Ce cadre impose aussi des obligations d’information et d’assistance immédiates par la compagnie aérienne, notamment repas et hébergement. Cette organisation conduit naturellement aux procédures de réclamation décrites ci-après.
Procédures recommandées DGAC :
- Contacter la compagnie par écrit avec justificatifs
- Conserver cartes d’embarquement et reçus de frais
- Saisir la DGAC en cas d’absence de réponse
Catégorie de vol
Distance
Indemnisation standard
Condition de réduction
Vols courts
jusqu’à 1500 km
250 €
—
Vols moyens intra‑UE
plus de 1500 km
400 €
—
Vols moyens hors UE
1500 à 3500 km
400 €
—
Vols long‑courriers
plus de 3500 km
600 €
Réduction possible si arrivée retardée moins de 4 heures
Procédure pratique pour une réclamation auprès de la compagnie aérienne
En liaison avec les règles juridiques, la procédure impose d’abord une démarche écrite auprès de la compagnie afin d’obtenir une réponse formelle. Selon les recommandations, il faut joindre billetterie, cartes d’embarquement et justificatifs de frais pour soutenir la demande.
Selon la pratique administrative, la compagnie dispose souvent d’un délai indicatif pour répondre et proposer un règlement. Si la réponse tarde ou si elle refuse l’indemnisation, la saisine d’une autorité nationale comme la DGAC devient pertinente.

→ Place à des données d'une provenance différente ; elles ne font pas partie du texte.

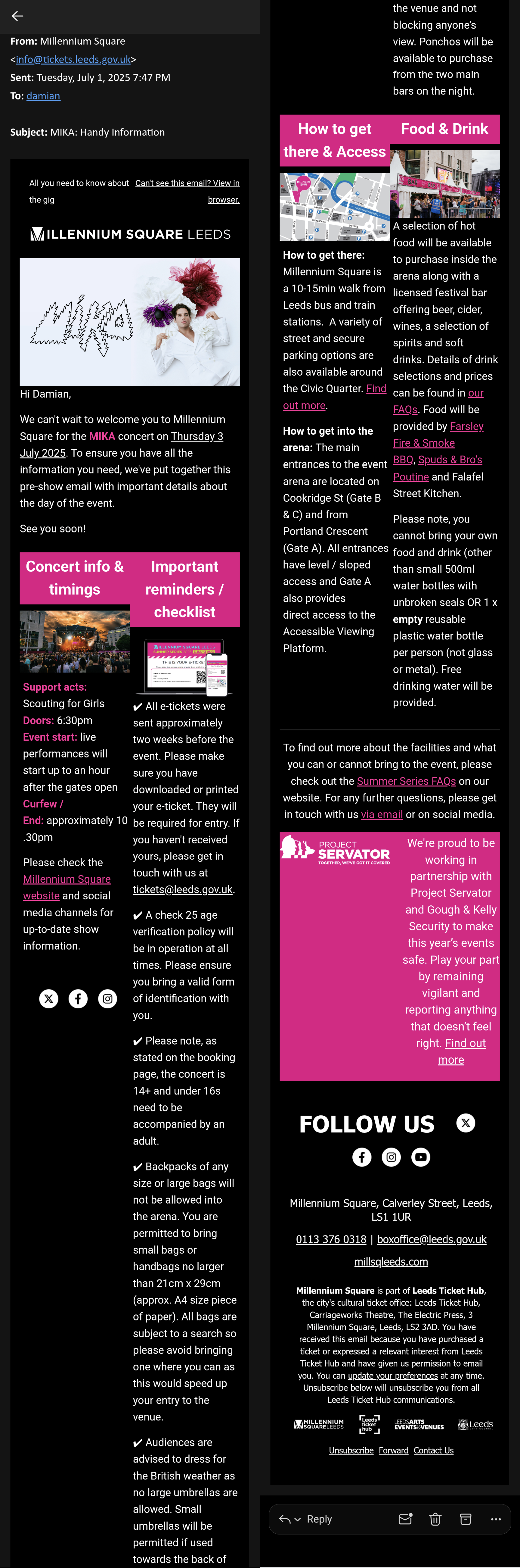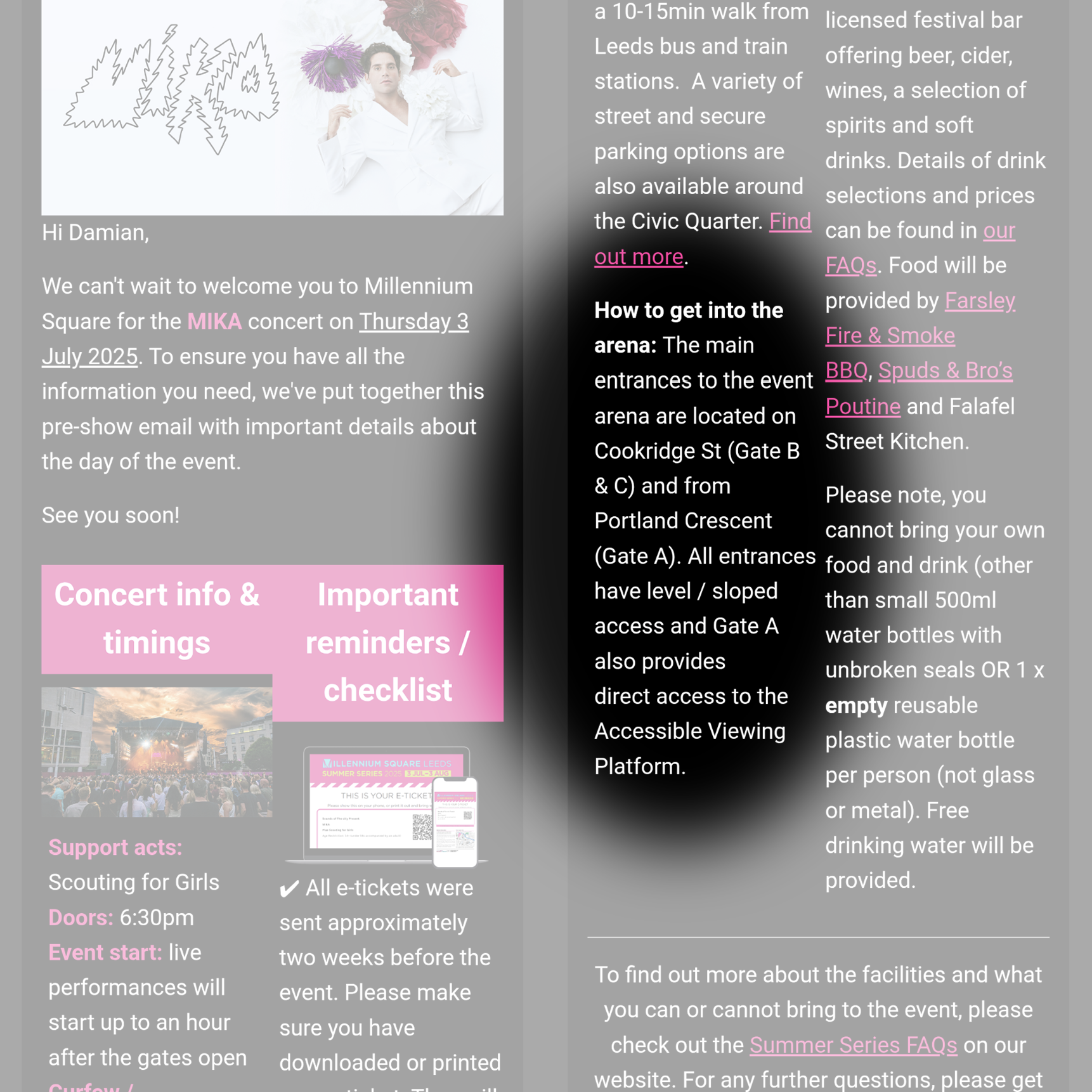 I received my PDF tickets via email, which included a QR code that could be scanned on my mobile device or printed out. I also received an email a couple of days before the event with additional information about the venue, travel arrangements, provisional show times, catering facilities, bag restrictions, and other details.
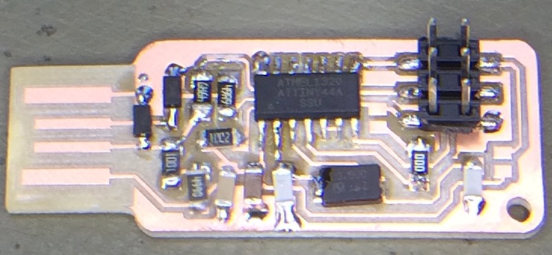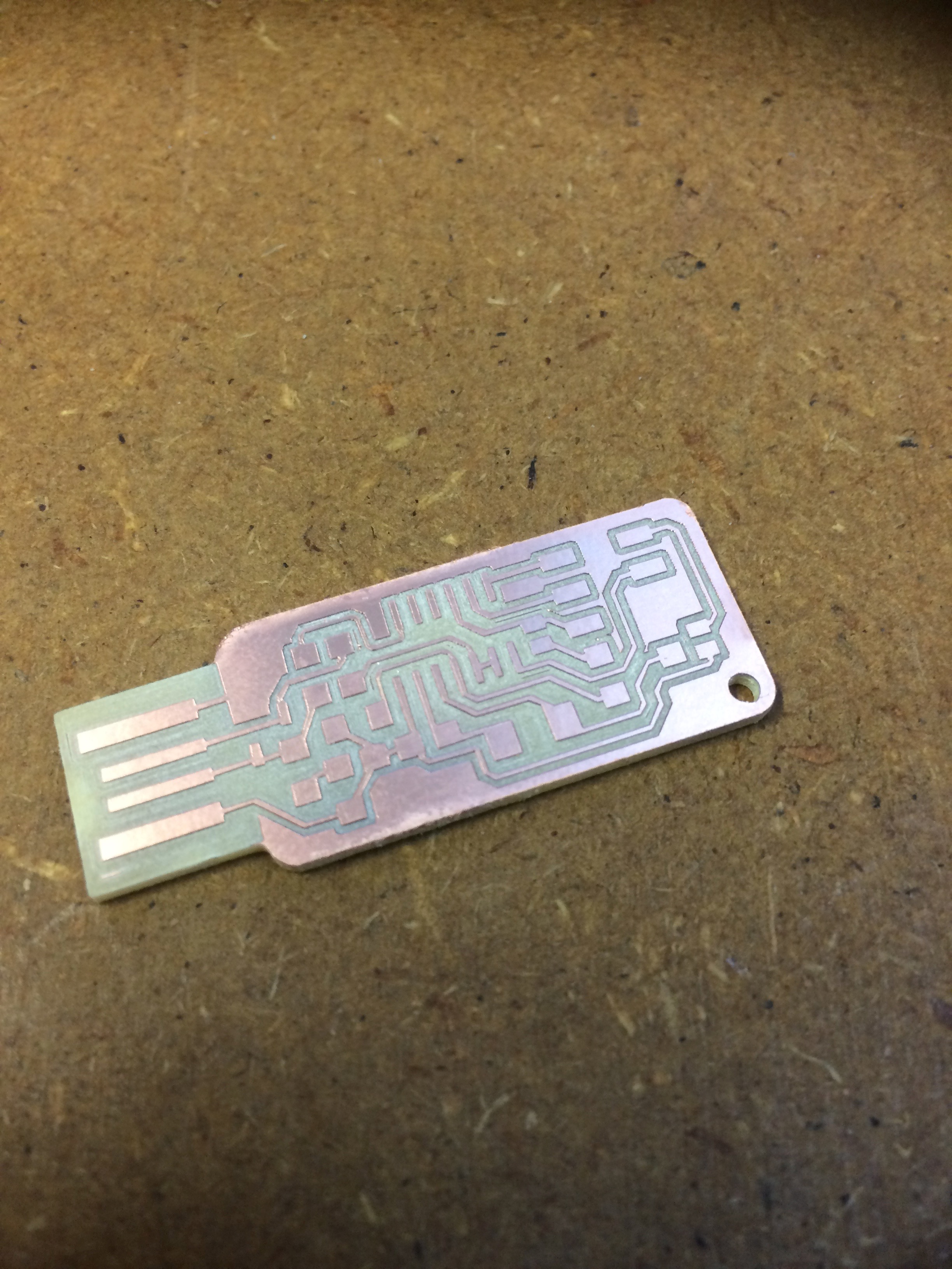 When all is set, then hit “Cut” in the bottom right corner, select the .rml file to be cut, and the machine goes to town on the copper. Change tools after the tracks have been cut, manually find a new z0 using the jog commands on the VPanel, then hit “cut”. The result is below:

Actions utiles avant recours :
- Rassembler toutes les preuves de voyage et dépenses
- Envoyer une réclamation motivée par courrier recommandé ou email
- Demander un justificatif écrit des raisons du retard ou annulation
Tableau récapitulatif des délais :
Étape
Délai typique
Conséquence
Réclamation initiale auprès de la compagnie
quelques semaines
Réponse écrite attendue
Rappel ou mise en demeure
1 à 2 mois
Pression pour solution amiable
Saisine de la DGAC
variable selon le dossier
Médiation possible
Action judiciaire
jusqu’à plusieurs années
Recours ultime pour obtenir compensation
Retour d’expérience :
« J’ai contacté la compagnie par email et obtenu une offre de indemnisation après deux relances et présentation des reçus »
Marc L.
Exceptions, preuves et voies de recours en cas de refus
Après les démarches initiales, il faut connaître les exceptions qui peuvent exonérer la compagnie de sa responsabilité. Selon la jurisprudence, les circonstances extraordinaires doivent être clairement établies pour annuler l’obligation d’indemnisation.
Selon des décisions récentes, un problème technique n’est généralement pas accepté comme circonstance extraordinaire, sauf preuve d’événement externe imprévu. Cette interprétation favorise la protection des passagers face aux refus injustifiés.
Options en cas de refus :
- Saisir la DGAC pour médiation administrative
- Contacter une association de consommateurs pour assistance
- Recourir à une action judiciaire avec preuves consolidées
Témoignage :
« Après saisie de la DGAC, mon dossier a progressé et la compagnie a proposé une nouvelle offre convenable »
Claire M.
Avis d’expert :
« Conserver preuves et communications écrites multiplie nettement les chances d’obtenir une compensation rapide »
Pauline N.
Une remarque pratique pour la suite : conservez systématiquement tickets et échanges numériques, car ils forment la base probante. Ce soin facilite un passage plus rapide vers la médiation ou le procès si nécessaire.
Situation d’usage et conseils de voyage :
- Toujours photographier les panneaux d’annulation et les cartes d’embarquement
- Demander un écrit de la compagnie détaillant l’incident
- Noter noms et fonctions des agents contactés pendant l’incident
Source : Union européenne, « Règlement (CE) n° 261/2004 », Journal officiel ; Direction générale de l’Aviation civile, « Vol annulé ou retardé : quels sont vos droits ? », Direction générale de l’Aviation civile ; Légifrance, « Décret n° 2025-772 du 5 août 2025 relatif à la … », Légifrance.